Kevin Kim claims, “I’ll admit, I often play video games when I am really supposed to be studying or finishing up homework.” Video game addictions are often difficult to break, ultimately based upon the initial introduction of them. Some video game fanatics might agree that what intrigues and sulks in their attention the most are the digitally enhanced graphics and intense thrilling experience accessed to availability.

Favorite video games includes Grant Theft Auto, Halo, Guitar Hero and Rock Band. Let alone the destructive impact of video games, ipod and itouch as well as computer games of all sorts lend unnecessary help of popularity among individuals of adolescence to teen years. Sadly, a good percentage of grown adults are frequently investigated to conclude they too, are crazed fans with lack of time management.

Some commonly played computer games within an average household include Star Craft, War of Worlds and Counter Strike. Statistics evidently based off of Serendip, pose the interest on how video, computer and electronic games hide methods of manipulation through brain washing and are ultimately guilty of robbing an individual’s use of creativity and the ability to diligently as well as supremely succeed in their studies. Further exclaimed, there should be a ‘Video Gamers Anonymous’.

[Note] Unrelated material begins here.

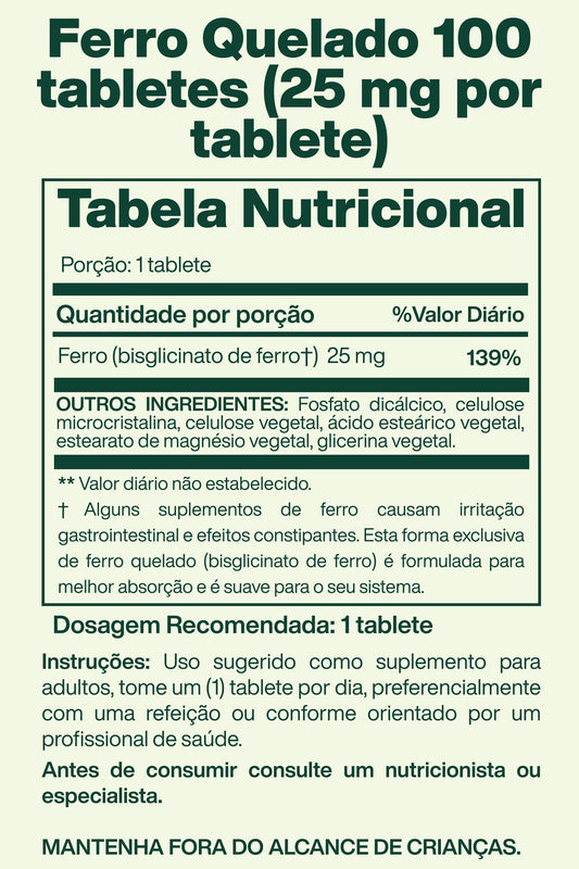 Ferro Quelado 100 tabletes (25 mg por tablete) - Solgar
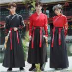 漢服 メンズ チャイナ服 男女兼用 中華服 中国古代服装 袖カバー付き 華やか 中華古代コスプレ衣装 男性 女性 大人 黒 白 袖フリル エスニック 花刺繍 交差襟 武

The Educational Research Findings report how unfortunately, those individuals of deprivation in terms of outside social interactions, mistake their “time consuming experience” in playing video games to be purely natural born talent—yet the word “talent” is far beyond obscene than what is intentionally exposed.

Instead, the question to be understood and considered is whether or not socialization and the discovery of true motivational talent are taken away without mere notice.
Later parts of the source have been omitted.